### DATASET

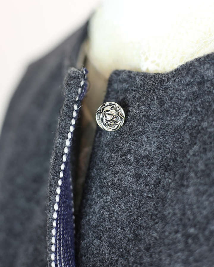 Mittelblaues Schalkragen Dirndl mit eingewebtem Jaquard und einer zimtfarbigen Paspel. Der Rock hat eine rote Erdfarbe.
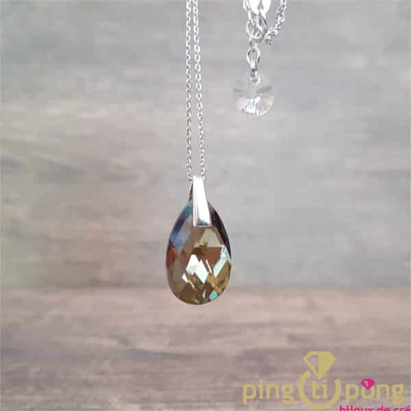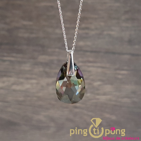 Pingtipong vous propose ce très joli collier en argent massif rhodié en mailles serpent et cristal de Swarovski. Ce bijou comporte un pendentif en cristal « ombre bronze » en forme de larme.
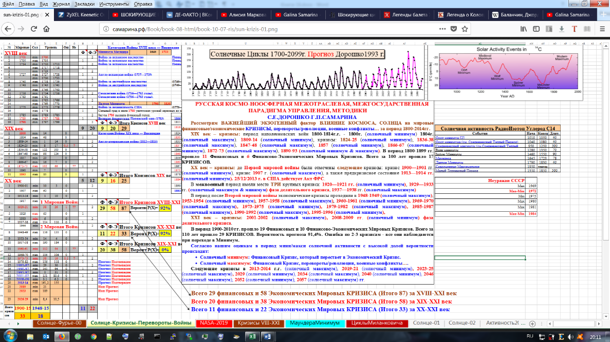 В процессе исследований перед С.Е.Дорошко, Г.П.Самариной стоит проблема выбора названия серии монографий, связанных с очередным мировым кризисом 2026–2029гг. в рамках космо-ноосферных прогнозов авторов от 1993г. https://economics-21.narod.ru/prog/riskanaliz/sun-analiz.html:
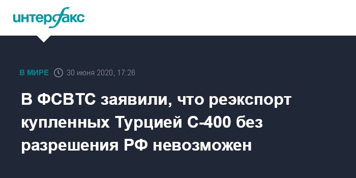 В ФСВТС заявили, что реэкспорт купленных Турцией С-400 без разрешения РФ невозможен
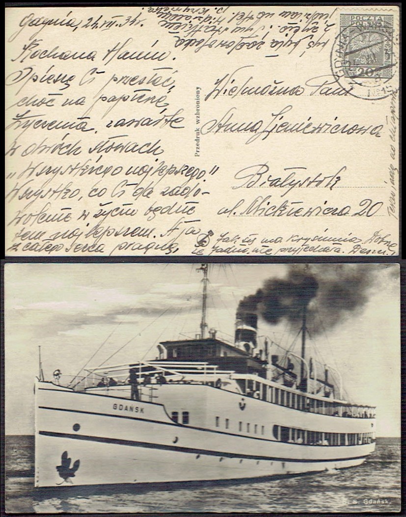 1934 kartka nadana w ambulansie pocztowym nr 15 na trasie Gdynia - Warszawa, datownik z wyróżnikiem a, na widokówce statek Gdańsk. | |
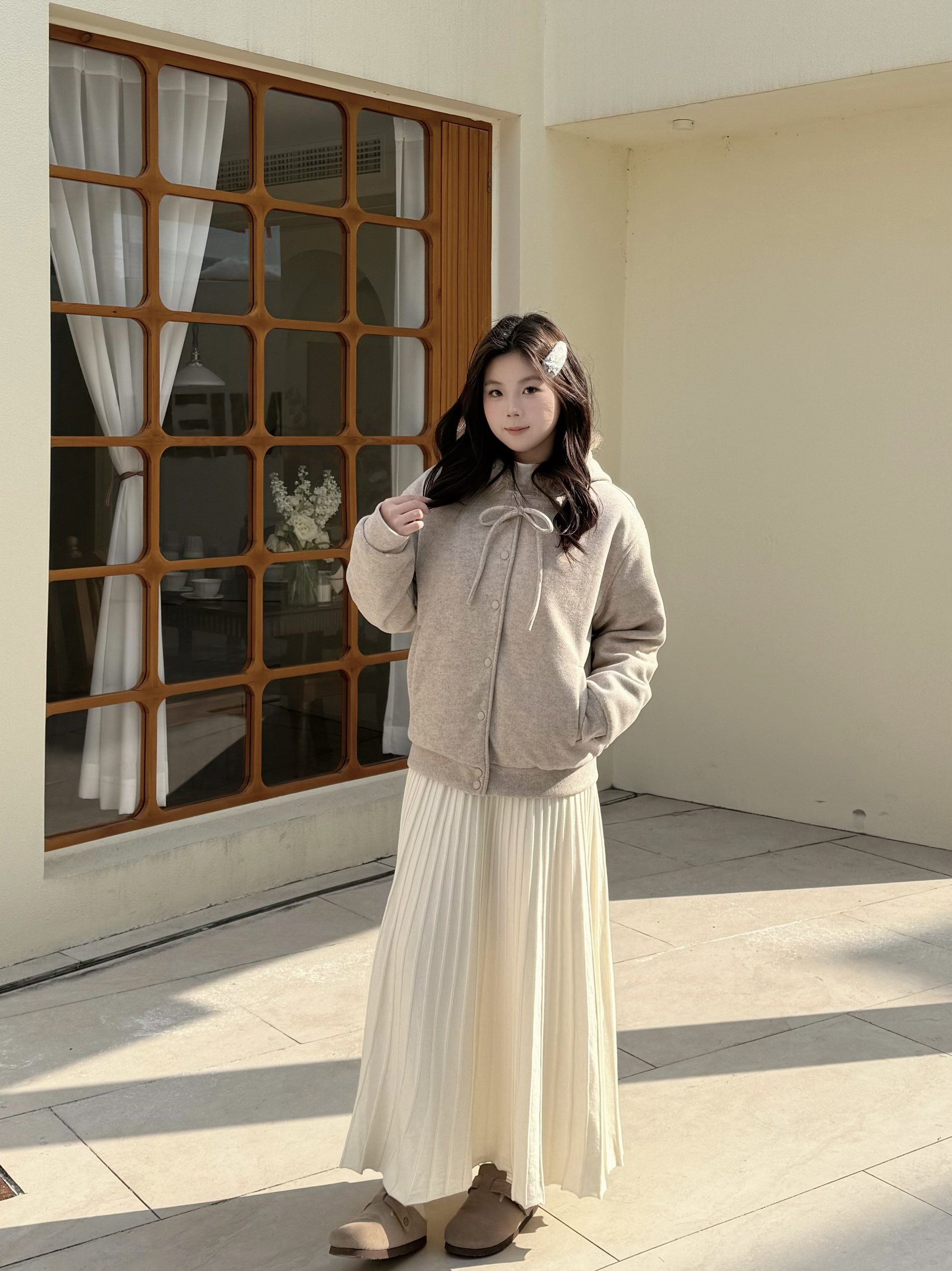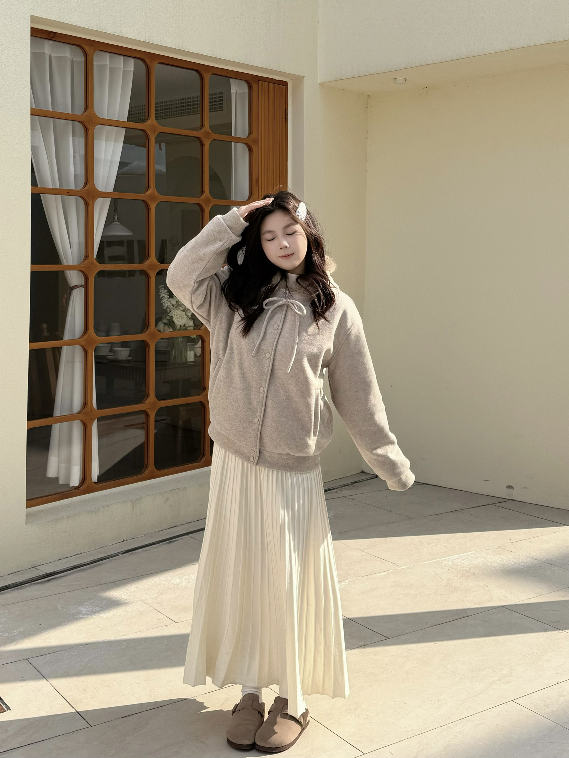 阳光晒得人暖乎乎的 浅棕系穿搭跟冬天的适配度 浅棕外套🧥+杏色百褶裙+勃肯 再点缀一个发夹 松弛又不失温柔

######

> **PROBLEM TO WORK ON**
Could you set down the records above word for word, without any of the pictures?

> **EXERCISE RESPONSE**
 Mittelblaues Schalkragen Dirndl mit eingewebtem Jaquard und einer zimtfarbigen Paspel. Der Rock hat eine rote Erdfarbe.
 Pingtipong vous propose ce très joli collier en argent massif rhodié en mailles serpent et cristal de Swarovski. Ce bijou comporte un pendentif en cristal « ombre bronze » en forme de larme.
 В процессе исследований перед С.Е.Дорошко, Г.П.Самариной стоит проблема выбора названия серии монографий, связанных с очередным мировым кризисом 2026–2029гг. в рамках космо-ноосферных прогнозов авторов от 1993г. https://economics-21.narod.ru/prog/riskanaliz/sun-analiz.html:
 В ФСВТС заявили, что реэкспорт купленных Турцией С-400 без разрешения РФ невозможен
 1934 kartka nadana w ambulansie pocztowym nr 15 na trasie Gdynia - Warszawa, datownik z wyróżnikiem a, na widokówce statek Gdańsk. | |
 阳光晒得人暖乎乎的 浅棕系穿搭跟冬天的适配度 浅棕外套🧥+杏色百褶裙+勃肯 再点缀一个发夹 松弛又不失温柔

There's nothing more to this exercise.